Finetuning the model on Slide-seqV2 spatial prostate data

Load data from healthy patient HP1

Per-sample spatial data is deposited at the archived dataset under “prostate_ref_mapping”. Raw data from the original publication (Hirz T et al. (2023)) can be downloaded from https://github.com/shenglinmei/ProstateCancerAnalysis.

[6]:
st = sc.read_h5ad(f"{DATA_DIR}/ST_HP1.h5ad")
st.layers['raw'] = st.X.copy()
st.obsm['spatial'] = st.obs[['xcoord', 'ycoord']].values
st.obs['donor_assay'] = st.obs['batch']
st.obs['cell_ontology_class'] = "unlabeled"
[7]:
# visualize the annotation provided by Hirz T et al.
with plt.rc_context({"figure.figsize": (3, 3), 'savefig.bbox': 'tight'}):
    sc.pl.embedding(
        st, basis='spatial', ncols = 2, wspace = 0.5,
        color=['cell1', 'cell2']
    )
/Users/jysumac/miniforge3/envs/smoother/lib/python3.10/site-packages/scanpy/plotting/_tools/scatterplots.py:392: UserWarning: No data for colormapping provided via 'c'. Parameters 'cmap' will be ignored
/Users/jysumac/miniforge3/envs/smoother/lib/python3.10/site-packages/scanpy/plotting/_tools/scatterplots.py:392: UserWarning: No data for colormapping provided via 'c'. Parameters 'cmap' will be ignored
../_images/tutorials_tutorial_joint_mapping_14_1.png

(Optional) RNA-only finetuning

Using the conventional SCVI workflow corresponds to an RNA-only finetuning step since it ignores spatial information altogether.
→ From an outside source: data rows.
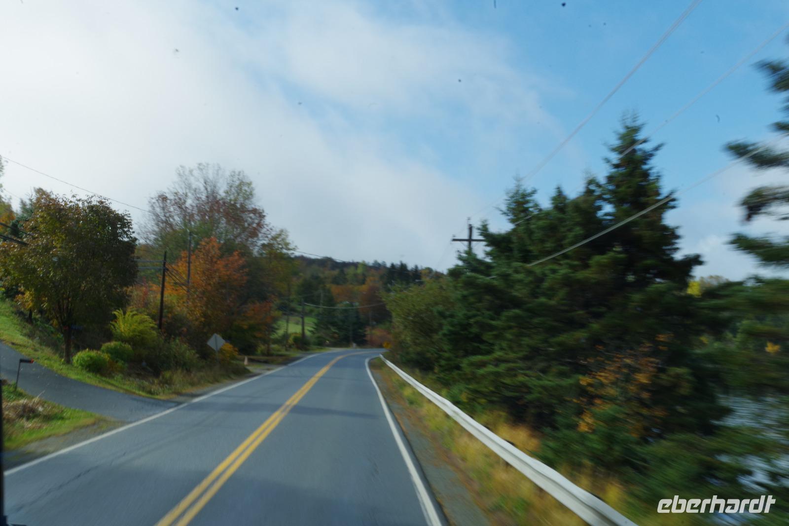 Wir fuhren entlang des Highway 125 in die Mitte der Insel Cape Brenton. Dort ist es ganz normal, dass man auch mit dem Fahrrad auf der Autobahn fährt, oder sogar zu Fuß am Rand geht.
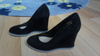 Туфли замшевые, б/у немного, состояние новых, продаю, т.к. высокий каблук - не моё, как ни пыталась)). высота танкетки 10,5 см, фурнитура - золото, маркировка 39, реально на 38 размер, не больше. 1500 руб., связь через личку, район автовокзала.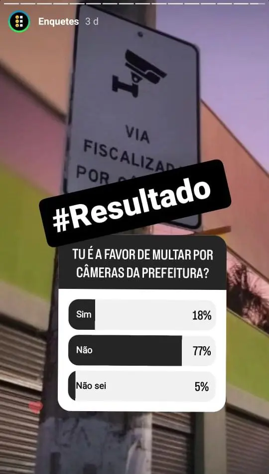 Uma pesquisa recente conduzida pelo Serra Noticiário através dos stories do Instagram apontou a visão dos eleitores sobre a nova política de trânsito da prefeitura, que começou a vigorar no último dia 26 de junho. A pesquisa, que ficou disponível para votação durante 24 horas e começou durante o último domingo (01), revelou um descontentamento considerável em relação à nova medida.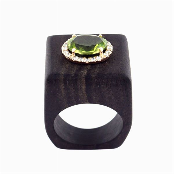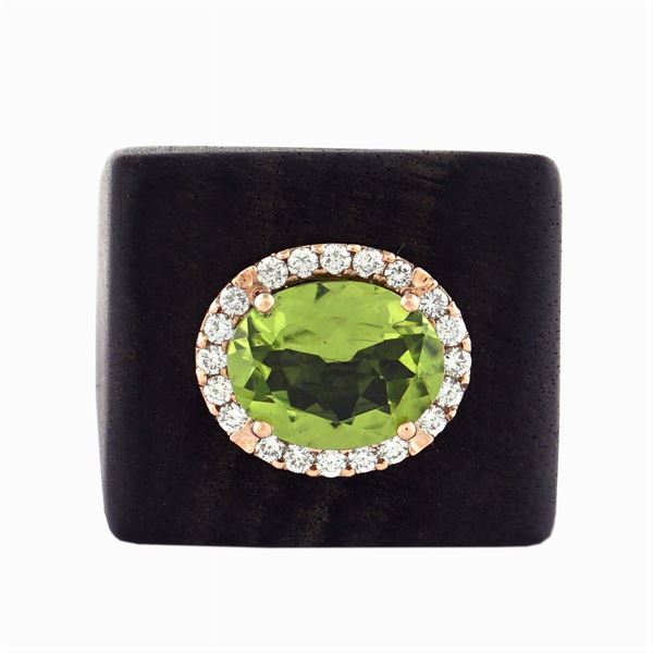taglio ovale briolet ct 2,30 circa contornato da diamanti taglio brillante ct 0,21 circa, misura 16, peso 7,5 gr.

We will see why this is suboptimal later. This step can be skipped in practical applications.

[8]:
st_rna = scvi.model.SCVI.prepare_query_anndata(st, model_ref, inplace=False)
INFO     Found 87.875% reference vars in query data.
/Users/jysumac/miniforge3/envs/smoother/lib/python3.10/site-packages/anndata/_core/merge.py:1111: UserWarning: Only some AnnData objects have `.raw` attribute, not concatenating `.raw` attributes.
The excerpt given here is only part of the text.